C’est un risque, c’est vrai. Et il est parfois difficile de concilier les exigences de la réflexion avec celles de la médiatisation. Il faut essayer, pourtant. On ne peut pas ne pas essayer. Et je suis très loin, là encore, de la position si terriblement archéo de ceux qui voient dans la télé la source de tous nos maux. Je ne l’idolâtre pas, certes. Mais je ne la satanise pas non plus. Je suis aux antipodes, en ce sens, de tout un courant représenté par des gens comme Michel Henry, ou d’autres.

Comment expliquez-vous que tant d’ouvrages sur les intellectuels sortent au même moment ?

Est-ce qu’il y en a tant que ça ? Ces ouvrages, vous le savez bien, ne disent absolument pas la même chose. Prenez le livre d’Alan Bloom. C’est un bon livre. Mais extraordinairement réactionnaire. Et il faut une dose de mauvaise foi assez énorme pour le confondre avec le mien. Pourquoi cette mauvaise foi ? Pourquoi cette confusion ?

Et le livre d’Alain Finkielkraut ?

C’est un bon livre aussi. Mais, à mon avis, trop excessif. Et, comme Harlem Désir le disait l’autre soir, on a des conclusions quasiment divergentes. Attention, par exemple, quand on excommunie la « sous-culture » : ça peut rappeler ceux qui, dans les années trente, excommuniaient la « musique nègre ». Ce n’est évidemment pas ma position. J’essaie, moi, d’articuler les choses de façon plus nuancée.

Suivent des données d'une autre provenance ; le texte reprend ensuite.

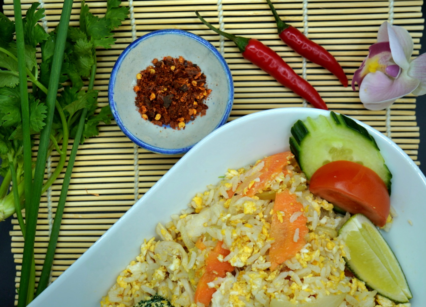 Stekt ris med egg og grønnsaker. (G,E,S)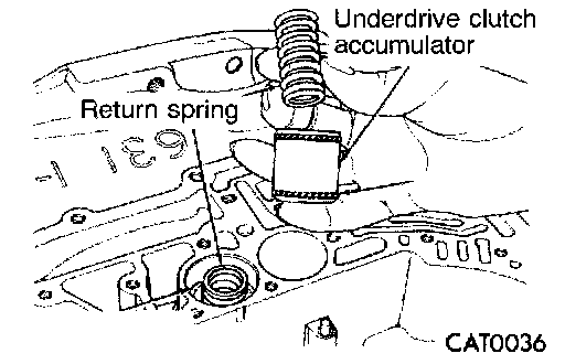 7. Remove underdrive clutch accumulator and overdrive clutch accumulator with return springs and seal rings.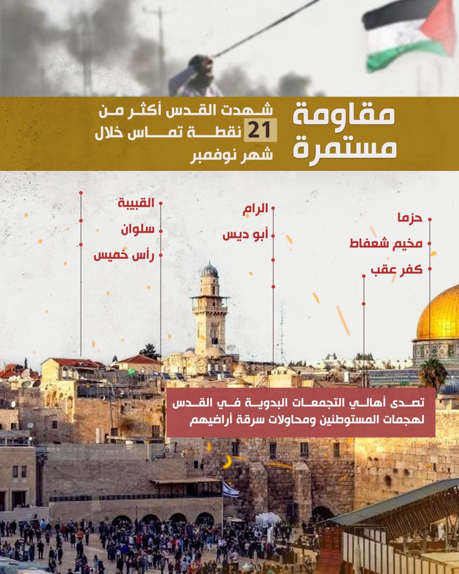 وسجلت الشبكة وقوع أكثر من 21 نقطة تماس مع قوات الاحتلال في مختلف مناطق القدس، أبرزها حزما ومخيم شعفاط وكفر عقب والرام وأبو ديس والقبيبة وسلوان ورأس خميس، كما تصدى أهالي التجمعات البدوية لهجمات المستوطنين ومحاولات الاستيلاء على الأراضي.

Il y a eu une polémique sur ces ouvrages. On vous a accusé d’avoir publié le vôtre très vite, pour le « griller »…

Mais oui, bien sûr. Ça fait quinze ans que j’écris des livres pour « griller » M. X ou Y…

En quoi vos conclusions sont-elles divergentes ?

Je vous l’ai dit : je déplore certaines confusions mais je ne jette en aucune manière l’anathème sur la culture rock, la culture jeune, etc. Ma position c’est, en gros, qu’il y a deux écueils symétriques et aussi redoutables l’un que l’autre. D’un côté l’écueil « démago », qui consiste à tout mettre sur le même plan, à tout confondre, à faire comme si rien ne distinguait une chanson de Lio d’une symphonie de Beethoven. Mais de l’autre, l’écueil « rétro », qui consiste au contraire à séparer les choses à la hache, à mettre des cloisons étanches et à dire aux gens qu’écouter Lio empêche d’entendre Beethoven. La vérité c’est qu’il faut croiser les gens. Mixer le mineur et le majeur. Les recycler l’un par l’autre. Et cela de manière non pas sauvage, mais réglée. Celui qui a le mieux pensé tout ça c’est Guy Scarpetta dans son Impureté. Dommage qu’il ne soit pas plus présent dans le débat. Ni démago ni rétro : je revendique le droit d’aimer à la fois – mais sans tout mélanger – la rockculture et la littérature classique.

Pensez-vous que vous allez être suivi dans vos thèses ?

Je regarde les listes des best-sellers. Et je me dis que ça ne va pas trop mal, merci.